[Opening Supplied material section]

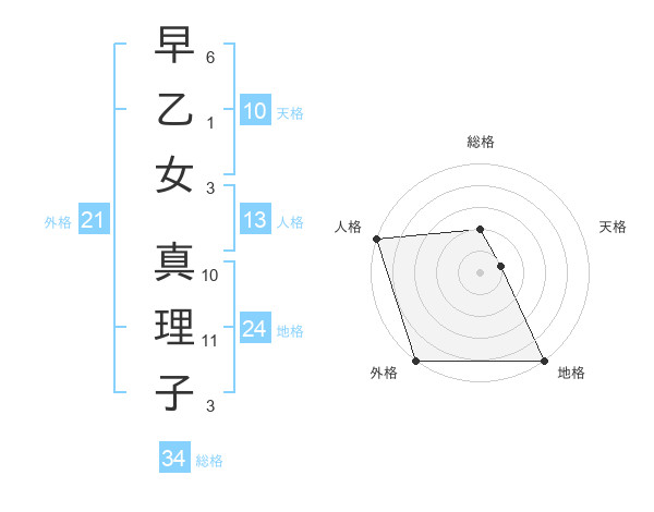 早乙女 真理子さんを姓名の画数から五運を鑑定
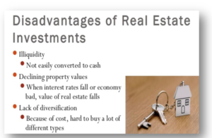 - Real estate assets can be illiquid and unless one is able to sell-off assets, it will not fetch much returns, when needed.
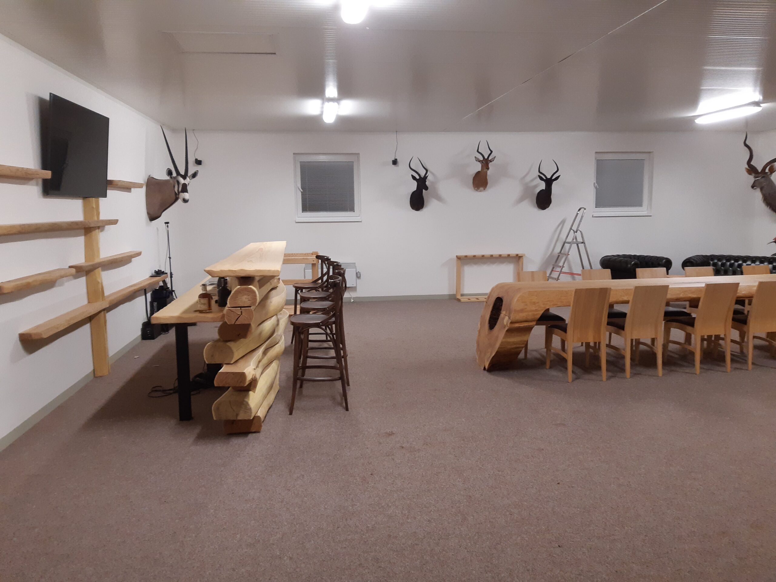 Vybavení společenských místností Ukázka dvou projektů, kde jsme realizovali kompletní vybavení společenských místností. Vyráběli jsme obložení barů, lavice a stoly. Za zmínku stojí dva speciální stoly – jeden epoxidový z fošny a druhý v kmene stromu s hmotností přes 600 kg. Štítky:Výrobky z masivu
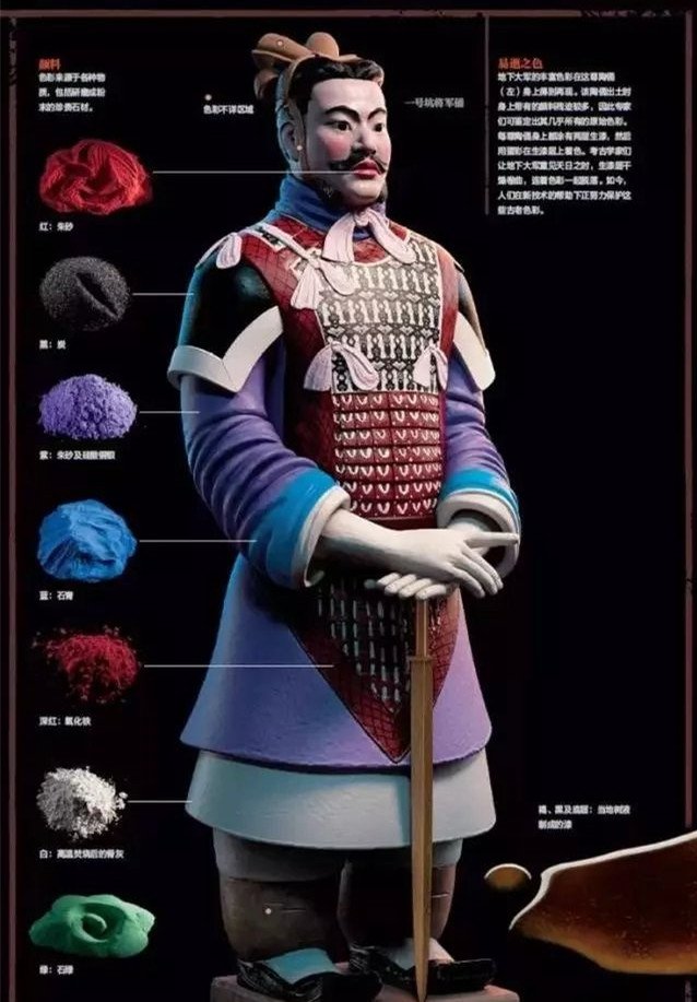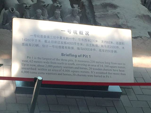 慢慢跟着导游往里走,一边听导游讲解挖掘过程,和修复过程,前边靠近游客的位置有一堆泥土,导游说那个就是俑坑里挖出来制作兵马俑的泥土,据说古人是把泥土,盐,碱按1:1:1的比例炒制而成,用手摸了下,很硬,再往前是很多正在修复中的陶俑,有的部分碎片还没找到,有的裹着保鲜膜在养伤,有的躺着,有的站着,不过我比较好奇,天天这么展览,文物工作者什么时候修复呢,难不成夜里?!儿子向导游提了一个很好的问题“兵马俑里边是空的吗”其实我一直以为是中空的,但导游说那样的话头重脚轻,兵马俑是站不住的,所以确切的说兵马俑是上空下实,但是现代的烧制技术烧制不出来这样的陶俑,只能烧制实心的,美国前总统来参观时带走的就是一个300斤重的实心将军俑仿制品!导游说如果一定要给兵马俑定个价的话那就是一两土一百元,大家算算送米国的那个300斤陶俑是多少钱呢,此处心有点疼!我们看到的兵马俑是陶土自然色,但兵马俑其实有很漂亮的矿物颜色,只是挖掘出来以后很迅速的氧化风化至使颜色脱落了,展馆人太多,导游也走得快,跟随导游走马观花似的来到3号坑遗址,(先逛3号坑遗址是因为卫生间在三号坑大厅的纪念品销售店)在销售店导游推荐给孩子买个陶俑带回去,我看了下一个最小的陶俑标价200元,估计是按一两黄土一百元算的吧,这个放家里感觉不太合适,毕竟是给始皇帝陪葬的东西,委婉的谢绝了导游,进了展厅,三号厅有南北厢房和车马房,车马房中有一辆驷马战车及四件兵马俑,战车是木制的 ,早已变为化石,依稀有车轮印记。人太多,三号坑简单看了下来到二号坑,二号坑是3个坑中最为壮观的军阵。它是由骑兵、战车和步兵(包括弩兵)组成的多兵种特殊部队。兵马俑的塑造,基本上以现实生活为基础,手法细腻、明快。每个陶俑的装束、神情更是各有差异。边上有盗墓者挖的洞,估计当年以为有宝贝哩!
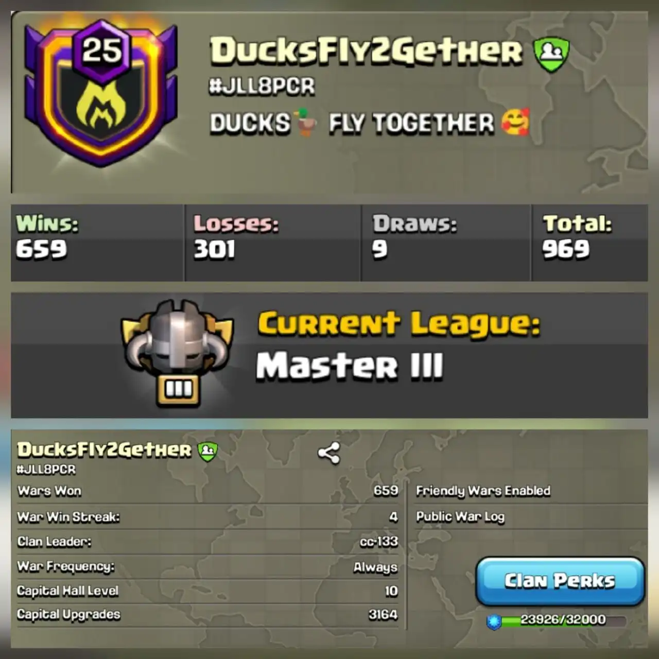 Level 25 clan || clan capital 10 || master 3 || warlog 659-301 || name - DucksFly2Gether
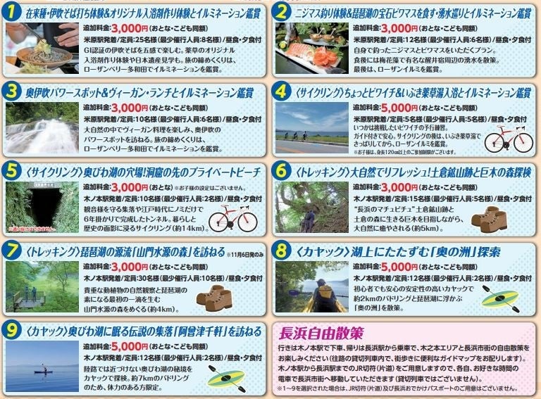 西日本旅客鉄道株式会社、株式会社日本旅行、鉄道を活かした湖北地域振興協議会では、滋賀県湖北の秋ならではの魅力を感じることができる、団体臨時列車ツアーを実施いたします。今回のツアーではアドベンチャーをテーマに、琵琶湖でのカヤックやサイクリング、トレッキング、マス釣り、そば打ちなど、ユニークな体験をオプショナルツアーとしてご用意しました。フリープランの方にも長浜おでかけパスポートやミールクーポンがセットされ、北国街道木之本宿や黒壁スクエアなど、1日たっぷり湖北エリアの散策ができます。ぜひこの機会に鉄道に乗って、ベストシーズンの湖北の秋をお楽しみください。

[Closing Supplied material section]

Task statement: Please set down every record above exactly as it appears, leaving out the pictures.

Result for this exercise:
 早乙女 真理子さんを姓名の画数から五運を鑑定
 - Real estate assets can be illiquid and unless one is able to sell-off assets, it will not fetch much returns, when needed.
 Vybavení společenských místností Ukázka dvou projektů, kde jsme realizovali kompletní vybavení společenských místností. Vyráběli jsme obložení barů, lavice a stoly. Za zmínku stojí dva speciální stoly – jeden epoxidový z fošny a druhý v kmene stromu s hmotností přes 600 kg. Štítky:Výrobky z masivu
 慢慢跟着导游往里走,一边听导游讲解挖掘过程,和修复过程,前边靠近游客的位置有一堆泥土,导游说那个就是俑坑里挖出来制作兵马俑的泥土,据说古人是把泥土,盐,碱按1:1:1的比例炒制而成,用手摸了下,很硬,再往前是很多正在修复中的陶俑,有的部分碎片还没找到,有的裹着保鲜膜在养伤,有的躺着,有的站着,不过我比较好奇,天天这么展览,文物工作者什么时候修复呢,难不成夜里?!儿子向导游提了一个很好的问题“兵马俑里边是空的吗”其实我一直以为是中空的,但导游说那样的话头重脚轻,兵马俑是站不住的,所以确切的说兵马俑是上空下实,但是现代的烧制技术烧制不出来这样的陶俑,只能烧制实心的,美国前总统来参观时带走的就是一个300斤重的实心将军俑仿制品!导游说如果一定要给兵马俑定个价的话那就是一两土一百元,大家算算送米国的那个300斤陶俑是多少钱呢,此处心有点疼!我们看到的兵马俑是陶土自然色,但兵马俑其实有很漂亮的矿物颜色,只是挖掘出来以后很迅速的氧化风化至使颜色脱落了,展馆人太多,导游也走得快,跟随导游走马观花似的来到3号坑遗址,(先逛3号坑遗址是因为卫生间在三号坑大厅的纪念品销售店)在销售店导游推荐给孩子买个陶俑带回去,我看了下一个最小的陶俑标价200元,估计是按一两黄土一百元算的吧,这个放家里感觉不太合适,毕竟是给始皇帝陪葬的东西,委婉的谢绝了导游,进了展厅,三号厅有南北厢房和车马房,车马房中有一辆驷马战车及四件兵马俑,战车是木制的 ,早已变为化石,依稀有车轮印记。人太多,三号坑简单看了下来到二号坑,二号坑是3个坑中最为壮观的军阵。它是由骑兵、战车和步兵(包括弩兵)组成的多兵种特殊部队。兵马俑的塑造,基本上以现实生活为基础,手法细腻、明快。每个陶俑的装束、神情更是各有差异。边上有盗墓者挖的洞,估计当年以为有宝贝哩!
 Level 25 clan || clan capital 10 || master 3 || warlog 659-301 || name - DucksFly2Gether
 西日本旅客鉄道株式会社、株式会社日本旅行、鉄道を活かした湖北地域振興協議会では、滋賀県湖北の秋ならではの魅力を感じることができる、団体臨時列車ツアーを実施いたします。今回のツアーではアドベンチャーをテーマに、琵琶湖でのカヤックやサイクリング、トレッキング、マス釣り、そば打ちなど、ユニークな体験をオプショナルツアーとしてご用意しました。フリープランの方にも長浜おでかけパスポートやミールクーポンがセットされ、北国街道木之本宿や黒壁スクエアなど、1日たっぷり湖北エリアの散策ができます。ぜひこの機会に鉄道に乗って、ベストシーズンの湖北の秋をお楽しみください。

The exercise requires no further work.